The Family Code had effectively repealed the provisions of Article 366 of the
Civil Code of the Philippines giving natural child acknowledged by both parents
the right to use the surname of the father. The Family Code has limited the
classification of children to legitimate and illegitimate (Art. 163, F.C.), thereby
eliminating the category of acknowledged natural children and natural children
by legal fiction. (Marissa Mossesgeld vs. CA, et. al., G.R. No. 132524,
December 29, 1998, 101 SCAD 928).

With the amendment introduced by R.A. No. 9255 (Sec. Art. 176), the answer
should now be Yes.

5. Leouel Santos, Jr. was born of the spouses Leouel Santos, Sr., and
Julia Bedia-Santos. From the time of his birth, he was under the care
of his maternal grandparents. His mother left for the USA to work as
a nurse, and his father alleged in a Petition for the Care, Custody and
Control of the Minor that he was not aware of her whereabouts. The
RTC awarded the custody of the child to his maternal grandparents.
The CA affirmed it. The maternal grandparents contended that they
are in a better position to take care of the child for they have amply
demonstrated their love and affection for the boy since his infancy;
hence, they are in the best position to promote the child’s welfare.
Who should be awarded the custody of the child? Why?

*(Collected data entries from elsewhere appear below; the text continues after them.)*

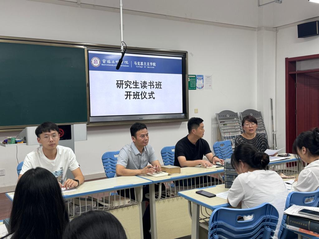9月9日晚,好博体育2024级研究生读书班开班仪式在博文楼1508教室开展。公司党总支书记张选朝、经理刘晓勇、副经理张丽出席活动。2024级全体硕士研究生参加了本次活动。读书班班主任林兆扬老师主持本次活动。
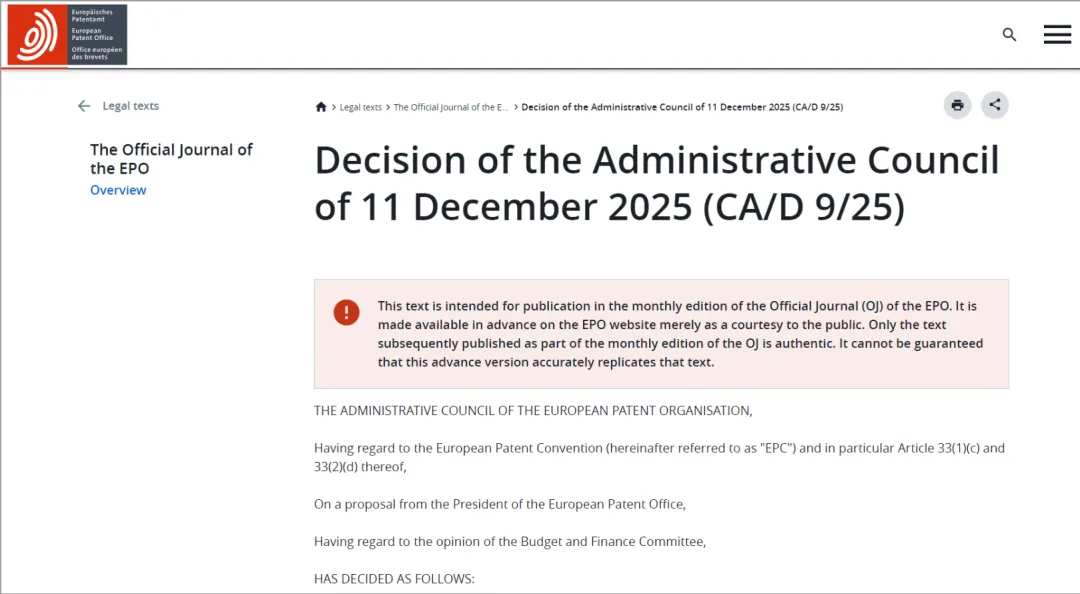 网址:https://www.epo.org/en/legal/official-journal/decision-administrative-council-11-december-2025
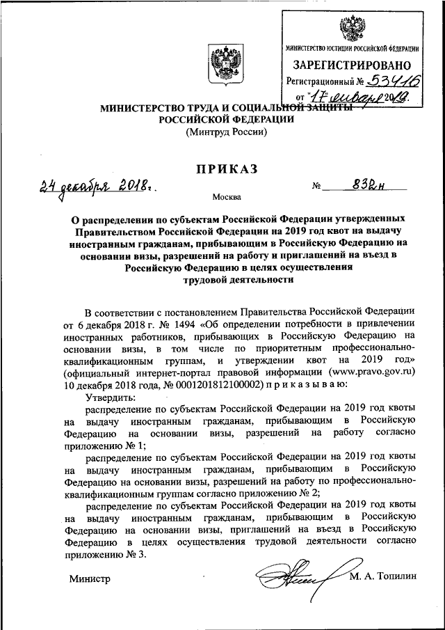 ПРИКАЗ Минтруда РФ от 24.12.2018 N 832н
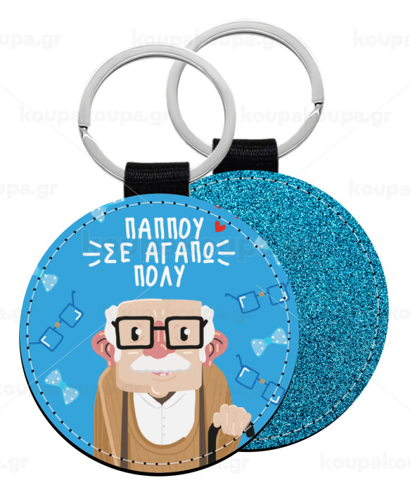 Παππού σε αγαπώ πολύ!, Μπρελόκ Δερματίνη, στρογγυλό ΜΠΛΕ (5cm)
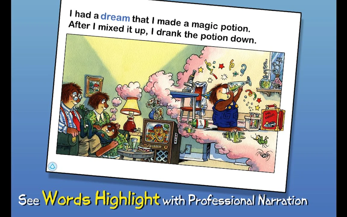 加入小動物,在這本書的互動應用程序,因為他有一個不好的夢,一個神奇的藥水把他變成一個可怕的,討厭的怪物,沒有人願意被周圍!瀏覽圖片,學習新的詞彙,並跟隨有三個有趣的方式來閱讀!年輕的孩子們將涉及到的甜蜜和有趣的結局,當小動物,發現這只是一場噩夢!
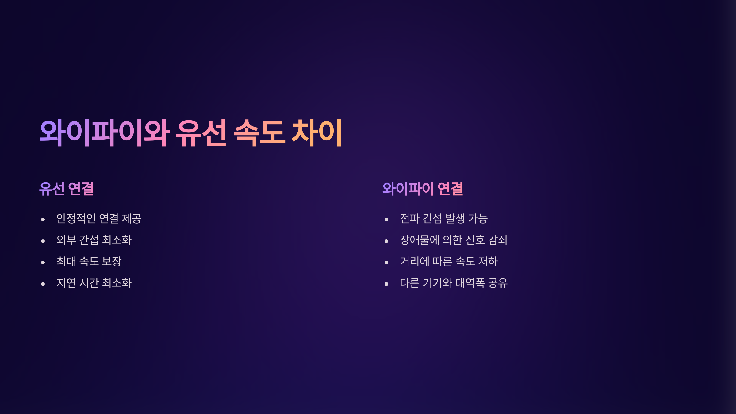 와이파이와 유선 속도 차이 와이파이(Wi-Fi)는 무선으로 연결되는 만큼 편리하지만, 유선보다 속도나 안정성에서 불리할 수 있어요. 전파 간섭, 거리, 벽 구조 등 외부 요인의 영향을 많이 받거든요.
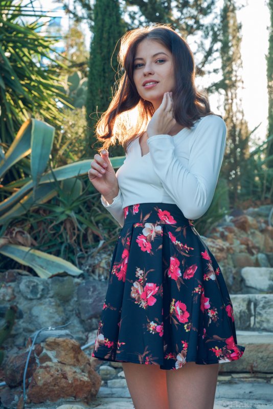 Кокетливо задирая перед камерой короткую юбку и медленно стянув с себя розовые трусики, молодая детка оголила сочную упругую задницу и, развратно позируя обнаженной в парке, без стеснения демонстрирует всем свою раскрытую гладкую промежность с мясистой розовой пиздёнкой.
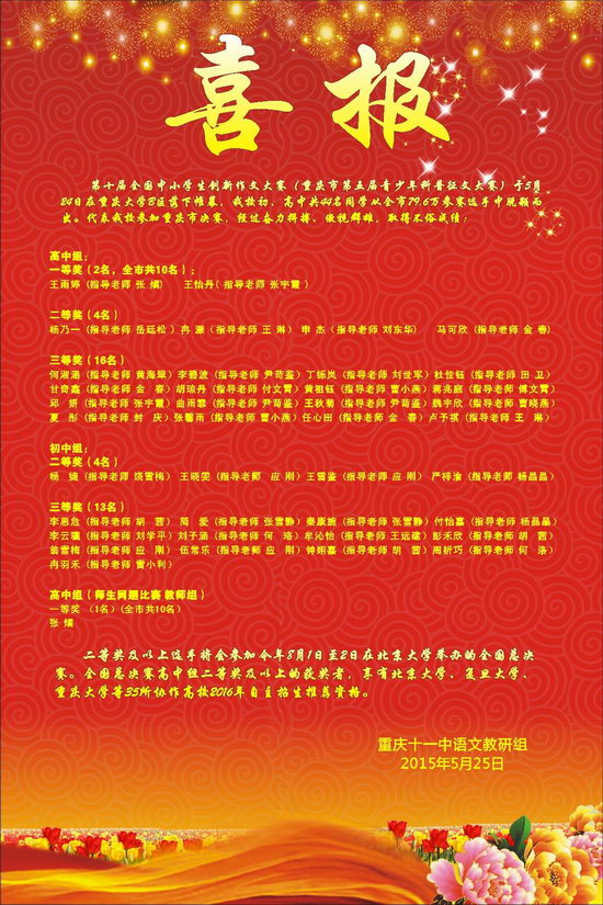 第十届全国中小学生创新作文大赛(重庆市第五届青少年科普征文大赛)于5月24日在重庆大学B区落下帷幕,我校初、高中共44名同学从全市79.6万参赛选手中脱颖而出。代表我校参加重庆市决赛,经过奋力拼搏、傲视群雄,取得不俗成绩:
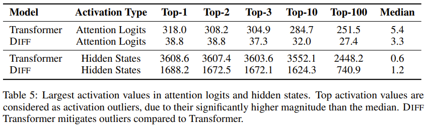 在 LLM 中,一部分激活值明顯大于大多數激活值的現象被稱為激活異常值(activation outliers)。異常值導致訓練和推理過程中模型量化困難。實驗表明差分 Transformer 可以降低激活異常值的幅度,從而可能實現更低的量化位寬。
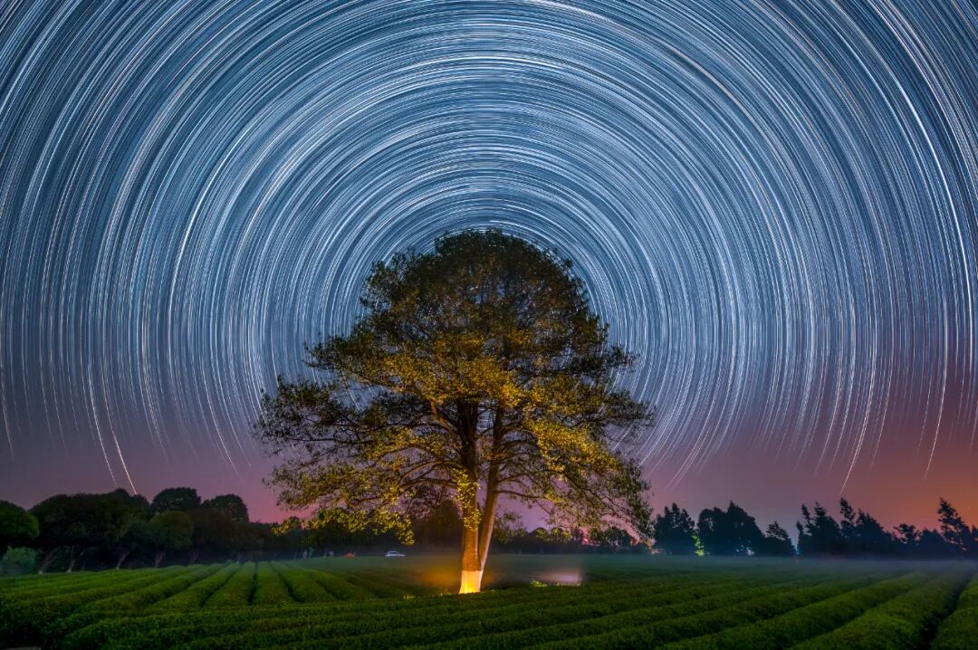 清明时节,满山茶叶开始长出嫩嫩的绿芽。清风掠过,漫天清新的茶香夹杂着春泥的芬芳瞬间氤氲着整个茶园。深夜,茶园上飘起一层薄薄的平流雾,像是给茶田蒙上了一层纱,园中恰好有一棵孤立的树,我便以此为前景创作了这张星轨。
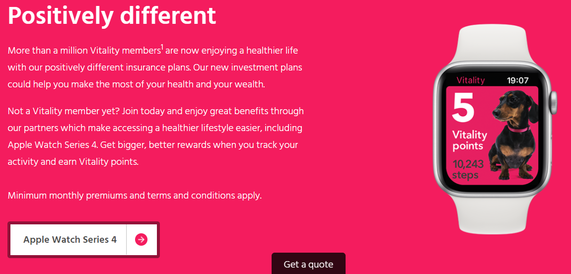 Vitality is een verzekeraar uit de UK die zichzelf positioneert als: ‘The largest incentive-based wellness program in the world‘. Een mondje vol. Ze hebben een model ontwikkelt waarmee ze aan de hand van partnerships hun klanten ( = mensen die een verzekering afsluiten bij hen) voordelen kunnen bieden en hen belonen voor een gezonde levensstijl.
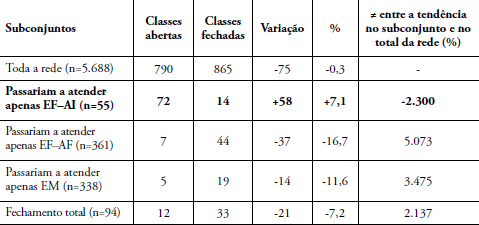 Em relação ao subconjunto das 94 unidades escolares que seriam totalmente fechadas segundo a proposta de reorganização de 2015, nota-se nas três tabelas uma tendência de fechamento de classes nas três etapas investigadas, muito maior nesse subconjunto do que no universo da rede.
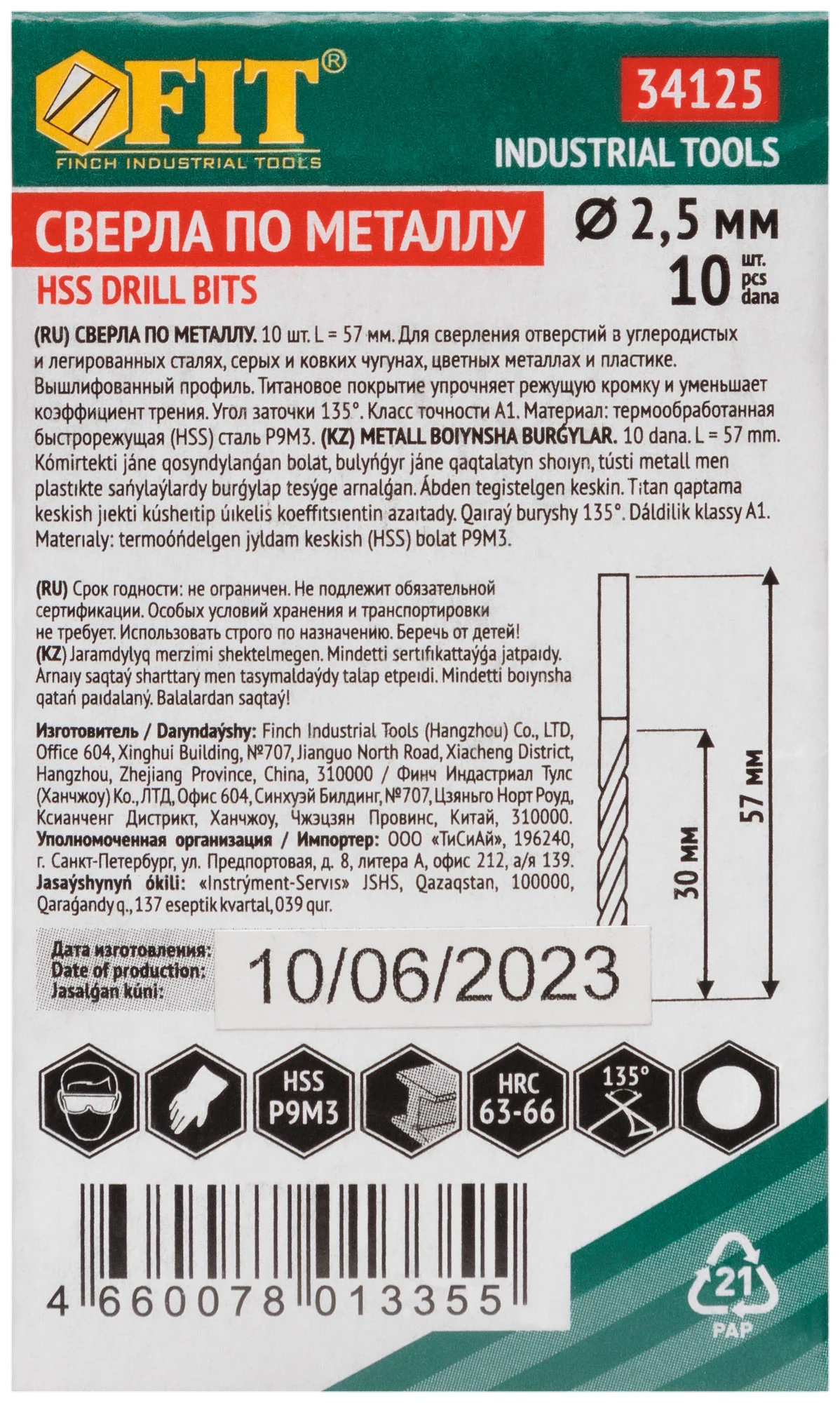 Используя набор сверл FIT, вы легко справитесь с задачами по сверлению металла на вашем производственном объекте или в мастерской. Эти сверла обеспечат чистоту и точность отверстий, что особенно важно при изготовлении металлических конструкций.
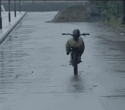 高速行驶的路上,雨像子弹一样打在张雪冻得酱紫的脸上。
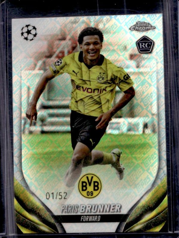The Paris Brunner 2023 Topps Chrome UEFA Club Competitions #44 Toppsfractor /52 Rookie card is 1 of 55 Paris Brunner's card variations in the 2023 Topps Chrome UEFA Club Competitions set being tracked by Sports Card Investor, including Base, Aqua Lava Refractor, Aqua Prism Refractor, Blue Lava Refractor, and Gold Lava Refractor.

A The father should be given the custody of the child. The law vests on the
father and mother joint authority over the persons of their common children.
(Art. 211, F.C.). In the absence or death of either parent, the parent present
shall continue exercising parental authority. (Art. 212, F.C.). Only in case of
the parent’s death, absence or unsuitability may substitute parental authority
be exercised by the surviving grandparent. (Art. 214, F.C.; Santos, Sr. vs.
CA, et. al., G.R. No. 113054, March 16, 1995, 59 SCAD 672).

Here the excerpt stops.